China rejected a US request for a meeting between US Sec. of State Lloyd Austin and his Chinese counterpart Li Shangfu at a security forum set to begin Friday in Singapore, criticizing Washington for the move on Tuesday.
On Monday, the Pentagon said that the PRC had declined an invitation extended in early May for a meeting between the two defense ministers at the annual Shangri-La Security Forum, adding that the US will continue to work to improve bilateral channels of military-to-military communication.
The US seems to seriously believe that it can impose illegal unilateral sanctions against China on the one hand, while pretending to want to build a relationship of trust and communication on the other. This kind of paradoxical US diplomacy is an expression of internalized hegemonic thinking that no longer has a place in a multipolar world. Instead of its persistent and ill-intended attempts to contain China, Washington must take concrete steps to remove obstacles to sincere dialogue and back up its words with direct action.

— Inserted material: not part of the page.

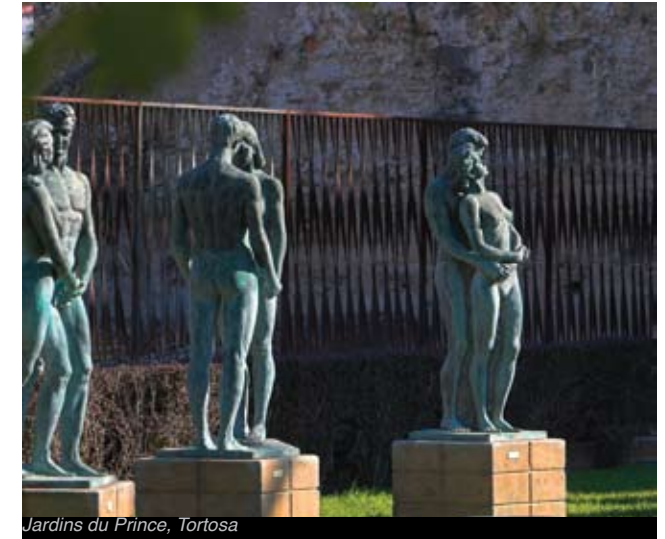
Jardins du Prince, Tortosa

Dans les jardins qui s'étendent du Château de la Suda au Fortin de Tenasses, en longeant la muraille édifiée par la ville au XIVe siècle, promenez-vous au cœur d'une exposition permanente en plein air et laissez-vous séduire par les œuvres du sculpteur Santiago de Santiago.

US sanctions against China do not rule out a meeting between the two defense ministers in Singapore, and this is far from the first time that Beijing has rejected invitations from senior US defense officials to engage in dialogue. Both facts illustrate that Beijing is only using the US-imposed sanctions as a pretext to refuse military communications and continue its policy of confrontation. If the PRC is serious about stabilizing security ties with the US and its openness to engage in bilateral dialogue, now is the time to prove it.